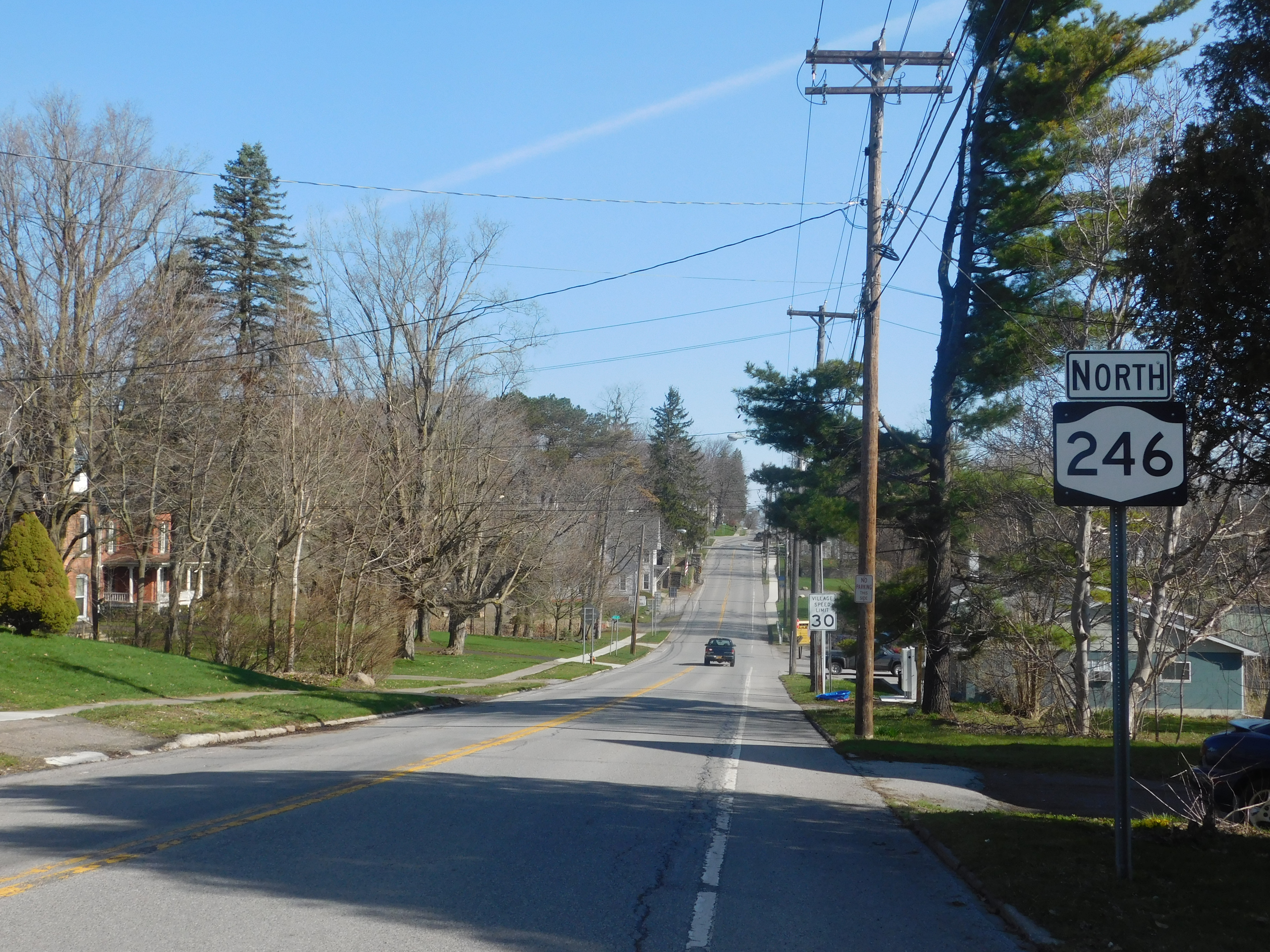 New York State Route 246 northbound in Perry, New York.
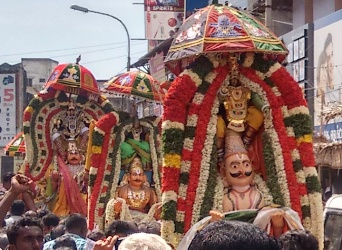 Thanjavurkarudasevai தஞ்சாவூர் கருடசேவை
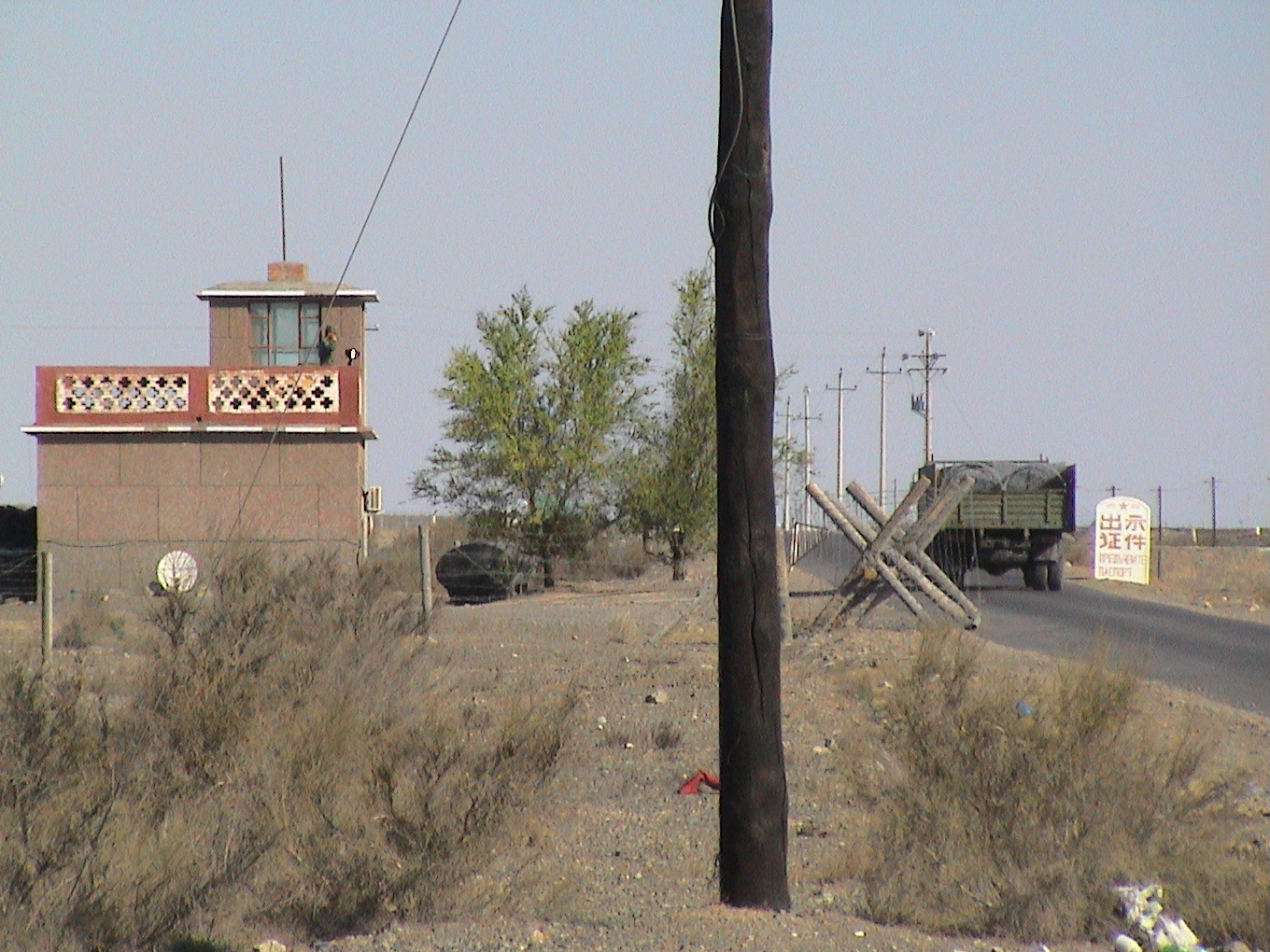 International border between China and Kazakhstan in Alataw Pass from China side.
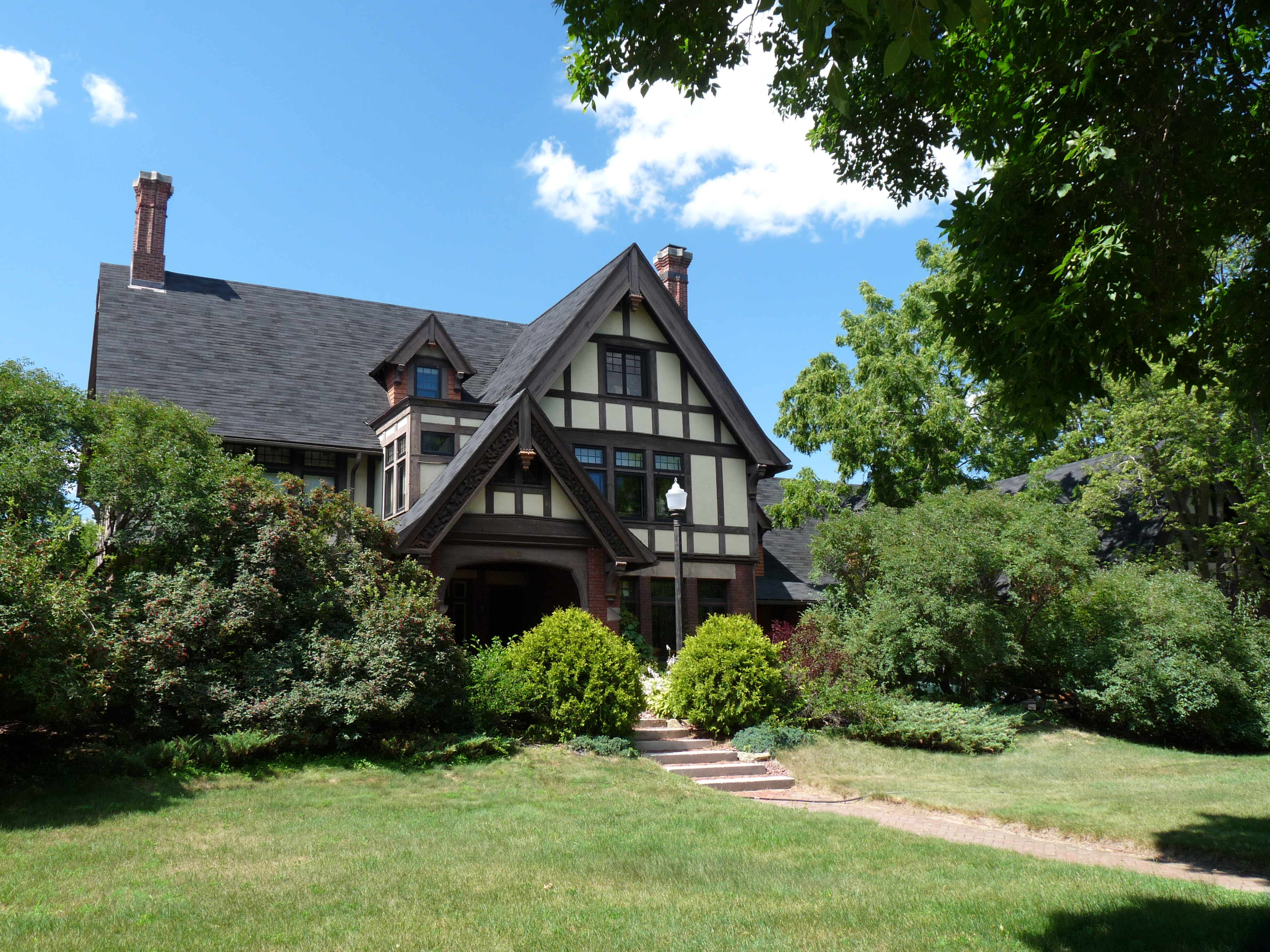 The James Barber house in Eau Claire, Wisconsin was designed by Harry Wild Jones in the Tudor Revival style and built around 1904. Barber was president of the Northwestern Lumber Company and involved in other Eau Claire businesses.
##########
(Task requirements)
Your copy should hold each line above exactly and no pictures at all.

(Written response)
 New York State Route 246 northbound in Perry, New York.
 Thanjavurkarudasevai தஞ்சாவூர் கருடசேவை
 International border between China and Kazakhstan in Alataw Pass from China side.
 The James Barber house in Eau Claire, Wisconsin was designed by Harry Wild Jones in the Tudor Revival style and built around 1904. Barber was president of the Northwestern Lumber Company and involved in other Eau Claire businesses.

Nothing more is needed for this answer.